A 200-year-old American elm tree stood condemned, finally succumbing, it seemed, to the disease that has killed off hundreds of thousands of other elms in Minnesota.
The tree, one of the few old elms left in the Twin Cities, towered over a small channel of Minneapolis' Lake of the Isles long before Minnesota was a state. Somehow it survived untreated as Dutch elm disease spread over the last 50 years from neighborhood to neighborhood. Its trunk, wide enough to walk through, bent into an oval as it grew and squeezed between a sidewalk and two-lane road built around it.
But, at last, foresters found Dutch elm disease — a fatal fungal infection spread by beetles — in the tree this fall. They planned to cut it down Oct. 1.
Then Kyla Wahlstrom stepped in.
Wahlstrom, who's lived in the neighborhood for 42 years, saw the spray-painted red stripe around the trunk — the telltale marking of a tree destined to be cut down — while walking her 11-month-old retriever. She had lost some of her own trees to the disease, but none that were this tall, this old or this remarkable.
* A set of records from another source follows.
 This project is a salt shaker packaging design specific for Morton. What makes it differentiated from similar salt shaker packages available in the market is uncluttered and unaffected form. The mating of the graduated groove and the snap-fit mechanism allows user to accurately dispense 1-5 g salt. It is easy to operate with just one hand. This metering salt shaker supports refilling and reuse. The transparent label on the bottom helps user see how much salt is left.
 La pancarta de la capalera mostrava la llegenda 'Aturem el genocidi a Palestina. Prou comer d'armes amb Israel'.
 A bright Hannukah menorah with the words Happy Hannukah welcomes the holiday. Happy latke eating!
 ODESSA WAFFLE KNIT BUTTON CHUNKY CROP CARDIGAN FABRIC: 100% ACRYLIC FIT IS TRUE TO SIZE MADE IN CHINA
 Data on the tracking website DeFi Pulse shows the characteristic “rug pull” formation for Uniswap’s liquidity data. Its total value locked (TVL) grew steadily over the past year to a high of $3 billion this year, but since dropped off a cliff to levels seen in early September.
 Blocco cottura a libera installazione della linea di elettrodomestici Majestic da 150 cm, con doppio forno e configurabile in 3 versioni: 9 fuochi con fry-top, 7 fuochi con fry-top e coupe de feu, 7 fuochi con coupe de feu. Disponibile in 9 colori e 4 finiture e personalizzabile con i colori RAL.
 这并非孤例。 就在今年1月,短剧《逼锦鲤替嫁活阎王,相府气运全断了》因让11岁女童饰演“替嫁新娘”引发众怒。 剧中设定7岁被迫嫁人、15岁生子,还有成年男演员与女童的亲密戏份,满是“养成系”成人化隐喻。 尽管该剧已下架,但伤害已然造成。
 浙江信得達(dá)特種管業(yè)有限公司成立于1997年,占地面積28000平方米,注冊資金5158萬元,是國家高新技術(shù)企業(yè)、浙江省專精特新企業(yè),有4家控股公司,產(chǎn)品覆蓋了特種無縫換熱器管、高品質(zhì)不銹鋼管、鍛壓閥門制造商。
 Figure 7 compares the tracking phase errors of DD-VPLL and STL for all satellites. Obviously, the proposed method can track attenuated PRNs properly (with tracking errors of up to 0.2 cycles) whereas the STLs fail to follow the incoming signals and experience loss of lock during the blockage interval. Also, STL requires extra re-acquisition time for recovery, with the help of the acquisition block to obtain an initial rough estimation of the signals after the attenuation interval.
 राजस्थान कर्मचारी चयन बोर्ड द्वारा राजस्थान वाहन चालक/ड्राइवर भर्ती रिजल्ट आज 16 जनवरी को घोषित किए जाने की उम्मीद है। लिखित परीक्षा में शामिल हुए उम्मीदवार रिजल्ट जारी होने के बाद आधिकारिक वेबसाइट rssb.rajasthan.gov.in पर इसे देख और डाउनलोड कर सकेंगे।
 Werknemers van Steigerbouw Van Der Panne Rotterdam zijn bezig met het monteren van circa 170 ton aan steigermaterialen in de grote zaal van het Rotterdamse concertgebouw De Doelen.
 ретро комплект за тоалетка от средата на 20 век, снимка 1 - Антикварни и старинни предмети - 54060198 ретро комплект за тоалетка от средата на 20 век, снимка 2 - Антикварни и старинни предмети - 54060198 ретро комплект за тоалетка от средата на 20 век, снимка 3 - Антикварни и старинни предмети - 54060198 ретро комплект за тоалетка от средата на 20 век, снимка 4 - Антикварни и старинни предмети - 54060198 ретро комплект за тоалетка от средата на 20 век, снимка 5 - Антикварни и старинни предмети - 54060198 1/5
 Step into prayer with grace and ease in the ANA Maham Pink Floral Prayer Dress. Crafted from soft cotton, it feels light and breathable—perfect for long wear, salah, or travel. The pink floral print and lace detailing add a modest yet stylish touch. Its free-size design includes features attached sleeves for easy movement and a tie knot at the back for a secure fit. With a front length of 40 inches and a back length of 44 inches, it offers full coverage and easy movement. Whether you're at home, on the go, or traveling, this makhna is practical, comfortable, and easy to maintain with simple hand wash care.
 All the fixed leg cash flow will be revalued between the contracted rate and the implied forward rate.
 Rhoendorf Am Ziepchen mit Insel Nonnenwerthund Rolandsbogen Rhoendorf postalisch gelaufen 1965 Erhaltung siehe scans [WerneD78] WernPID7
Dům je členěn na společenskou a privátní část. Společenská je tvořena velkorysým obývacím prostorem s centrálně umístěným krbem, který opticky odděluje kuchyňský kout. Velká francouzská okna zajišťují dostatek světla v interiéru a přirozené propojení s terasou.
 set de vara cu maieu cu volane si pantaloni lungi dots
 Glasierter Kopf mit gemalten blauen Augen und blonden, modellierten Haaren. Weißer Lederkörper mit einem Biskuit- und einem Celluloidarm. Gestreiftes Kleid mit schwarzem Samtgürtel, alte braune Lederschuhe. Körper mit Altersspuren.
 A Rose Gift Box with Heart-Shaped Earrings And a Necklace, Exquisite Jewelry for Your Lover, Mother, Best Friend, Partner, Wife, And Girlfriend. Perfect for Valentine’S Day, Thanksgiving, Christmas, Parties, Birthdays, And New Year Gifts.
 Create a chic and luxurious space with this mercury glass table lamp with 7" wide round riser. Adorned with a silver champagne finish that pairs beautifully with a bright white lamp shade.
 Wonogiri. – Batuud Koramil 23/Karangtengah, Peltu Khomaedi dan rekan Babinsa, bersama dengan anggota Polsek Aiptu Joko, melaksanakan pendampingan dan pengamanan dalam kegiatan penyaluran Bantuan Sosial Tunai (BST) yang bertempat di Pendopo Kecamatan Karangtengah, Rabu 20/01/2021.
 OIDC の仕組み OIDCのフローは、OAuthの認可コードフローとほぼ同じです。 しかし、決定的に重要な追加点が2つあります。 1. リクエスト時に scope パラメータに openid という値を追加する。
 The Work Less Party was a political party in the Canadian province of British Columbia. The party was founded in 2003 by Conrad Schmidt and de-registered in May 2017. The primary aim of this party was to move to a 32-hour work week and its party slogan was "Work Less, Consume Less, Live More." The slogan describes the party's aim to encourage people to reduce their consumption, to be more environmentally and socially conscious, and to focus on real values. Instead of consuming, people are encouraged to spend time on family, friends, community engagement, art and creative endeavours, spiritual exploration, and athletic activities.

Wahlstrom estimated that the elm, which has a circumference of 16 feet, was between 195 and 225 years old.
"Think of all the things it's seen and lived through," Wahlstrom said. "All the hard winters and droughts. It was here when Minnesota was just a territory."
Wahlstrom, a retired professor at the University of Minnesota, said she learned long ago not to take things at face value. If the tree was to be cut down, she wanted to know exactly why there was no other option.